For count data, the greatest utility of the standard deviation or variance may be to assess how homogeneous a distribution the data have. The Poisson distribution results from homogeneous processes, which are the simplest models for count data. The mean and variance of the Poisson distribution are equal whereas, if the variance of data is considerably greater than the mean, there it is said to be overdispersion (Elliott 1977; Mwangi et al. 2008). The variance of the negative binomial distribution, for example, equals μ + μ2/k, where μ is the mean and k is a positive-valued parameter. For small values of k, the variance is much greater than the mean, reflecting a high degree of overdispersion. Such distributions are sometimes also called ‘contagious’– even if no infectious disease is involved – because they reflect clustering in the data (Elliott 1977). These two situations – homogeneity and overdispersion – are illustrated in Figure 1. It is also possible for the variance to be less than the mean. This occurs when distances between events tend to be similar, with both smaller and larger distances being rare. This is rare in practice but would be the case, for example, for spatial events on an even grid.

image

Figure 1.  Simulated spatial data showing homogeneous and clustered processes in the upper and lower panels respectively. The dashed lines divide each area into a 5 × 5 grid. For the homogenous process, the variance and mean of the 25 counts are similar: 3.88 and 3.94 respectively, consistent with a Poisson distribution. For the clustered process, the variance is much larger than the mean: 28.4 vs. 4.0, indicating overdispersion. Although these data are spatial, the same principle applies to counts per person, for example. The data were generated using the ‘rpoispp’ and ‘rMatClust’ functions of the ‘spatstat’ package in the R software.

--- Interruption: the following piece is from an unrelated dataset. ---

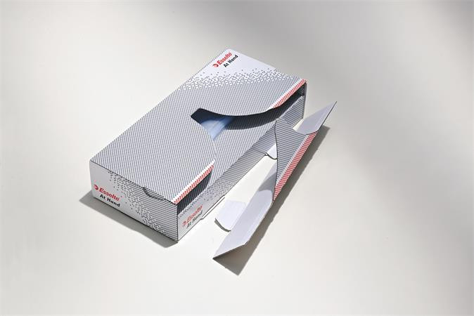 Lefűzhető tasak kényelmes használatot biztosító adagoló dobozban, mely mindig kéznél lehet

Download figure to PowerPoint

Example datasets

Hookworm eggs.

These are baseline data from a longitudinal study of hookworm in Minas Gerais state, Brazil (Cundill et al. 2011). Table 1 shows summary statistics for the total egg count from two Kato-Katz thick smears, each pair being prepared from a single stool sample. Those with missing data on age, gender or either egg count have been excluded.

Plasmodium falciparum asexual blood stages.

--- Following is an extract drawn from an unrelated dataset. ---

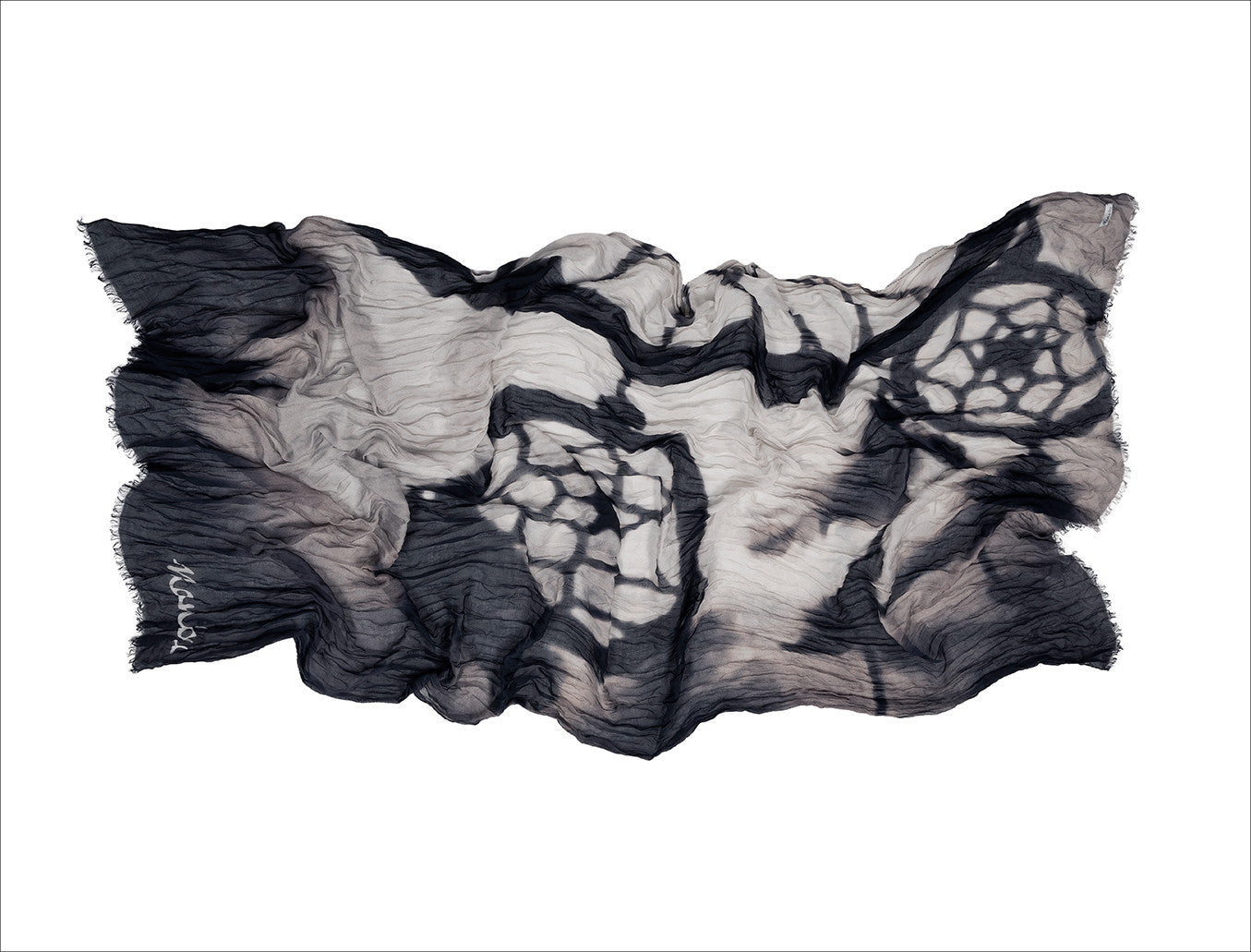 Materials: Modal 85% / silk 15% ; Crinkled effect / fringed edges

Children participating in a trial of anti-malarial drugs had a thick blood film read microscopically (Dunyo et al. 2006). The parasite counts from a single high power field are shown in Table 1.

Literature review

Statistical methods used for parasite count data were reviewed over 10 years of Tropical Medicine and International Health. The following search was carried out in the PubMed online database: (parasit* OR malaria* OR helmint* OR filar*) AND (count* OR intensit* OR densit*) AND trop med int health.

For the years 2001–2010 (volumes 6–15), the search returned 156 articles. They were retained in the review if they were found to include either (i) descriptive analysis of parasite count data or (ii) inferential analysis in which count data constituted an outcome variable. Articles using correlation coefficients – which do not distinguish between outcome and explanatory variables – were also included under the second category. Of the 156 articles, 90 were found to include such analyses: 89 descriptive and 60 inferential (see supporting information).

Methods for descriptive and inferential analysis are shown in Tables 2 and 3. The former includes measures of location, of which the geometric mean was the most commonly used (51% of articles). In some articles, the Williams mean was calculated but presented as the geometric mean. It is likely that there were other instances of this which could not be unambiguously identified from the text. In other words, the Williams mean category (13%) was difficult, in practice, to separate from the geometric mean. The arithmetic mean was also commonly used (35%) and the median less so (7%).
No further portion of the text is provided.